Misconception No. 1: Data accessibility is a technical issue. Technology problems, while often complex, can usually be fixed with the right talent and resources. Participants in our research argued that data accessibility is really a management issue that involves technology. AI solutions must start with a clear understanding that complete, accurate, and timely data has no value if it cannot be retrieved quickly and easily. The fact that data is located somewhere across multitudes of databases and spreadsheets does not necessarily mean that it is accessible. Sometimes data accessibility issues exist because data governance or security policies restrict access.

Competing priorities between the business and IT staffs have existed for decades. When you add the priorities of AI teams to the mix, things quickly become messy. If data accessibility is treated only as a technical problem, AI products and services may remain stuck at the proof-of-concept stage until data accessibility challenges are addressed by other teams, causing delays and incurring additional costs. Or they may not live up to their full potential due to missing data that was left out because it was either too complex or too costly to retrieve. In both cases, AI will fail to deliver on its promises, not because of AI models but because of data accessibility.

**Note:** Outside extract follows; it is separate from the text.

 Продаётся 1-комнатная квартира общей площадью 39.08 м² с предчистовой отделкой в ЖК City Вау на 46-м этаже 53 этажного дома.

Misconception No. 2: Data is merely a byproduct of operations. This misconception is often seen in organizations where analytics and AI efforts sit apart from operations — and where AI’s potential to improve or revolutionize processes across the organization has not yet been recognized. As a result, operational systems (such as enterprise resource planning and customer relationship management) consume and produce data, but there is no understanding of the potential value of this data for AI. If analytics or AI teams want to use data from operations, they have to retrieve and leverage it on their own, similar to what traditional data warehouse teams have done for many years.1

Where this misconception prevails, data can be plentiful within the organization but underused by AI. This typically happens because the digital traces of business processes are often fragmented across operational systems, making it challenging to retrieve the data required to re-create a coherent portrait of those processes. In short, the strategic potential of data as an input for value creation is underexploited.

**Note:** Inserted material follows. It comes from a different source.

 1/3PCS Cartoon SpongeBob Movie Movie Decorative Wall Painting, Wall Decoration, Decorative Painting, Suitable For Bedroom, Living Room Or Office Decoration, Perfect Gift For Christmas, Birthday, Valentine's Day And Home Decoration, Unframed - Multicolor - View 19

Misconception No. 3: Data accessibility can be addressed in the later phases of the AI life cycle. The five phases of the AI life cycle are designed to push AI teams to work in an agile mode, especially during the proof-of-concept and MVP phases. The very nature of AI as an uncertain endeavor lends itself well to this approach. Teams must be able to experiment with models and pivot on emergent results to find the optimal solution to the organization’s problem. Unfortunately, this also encourages teams to focus almost exclusively on the scientific portion of AI work for the better part of the first three phases. The stakeholders involved during the ideation, blueprint, and proof-of-concept phases are not the ones who deal with data accessibility issues. Data engineers are primarily concerned with creating flat files that data scientists can use to build and train models, and any means within their reach to generate those files — including hacks, work-arounds, and simulated data — is considered fair game.

For an AI-enabled system to add value within the organization, it has to be packaged as a product or service that can be integrated with the organization’s infrastructure. Often, integration concerns are addressed late in the life cycle (see “Stakeholders and Data in the AI Life Cycle.”). Software engineers and IT staff thus become the bearers of bad news. When companies don’t address data accessibility early on, they often end up incurring additional, unforeseen costs. Additionally, projects can stall while the priorities of other stakeholders (usually the IT staff) are shuffled unexpectedly to address data accessibility issues. In some instances, AI initiatives can even fail to materialize in production.

Misconception No. 4: Data in the lab and data in operations are the same. Companies are becoming highly skilled at building AI-enabled proofs of concept. However, the real test is whether they can move past the controlled lab environments of the proof-of-concept phase to the messy production environments. Often, the assumption is that the data retrieval process for the proof-of-concept phase can be replicated at little to no cost once the AI moves through MVP and then into production. But recall that data in the proof of concept comes from a few flat data files that were specifically created — often from historical data snapshots — for the purpose of building and testing models.

In the production phase, AI must be connected to multiple live systems that retrieve the input needed to perform its work, sometimes in real time. The features of the data that need to be extracted may be the same, but the way the data is accessed and retrieved is very different. For example, the volume and velocity requirements of data for operations may vary considerably from what is needed to retrain models. In fact, some of the AI consulting businesses we studied purposefully limit their mandates to the development of proofs of concept to avoid the issue of data in production altogether.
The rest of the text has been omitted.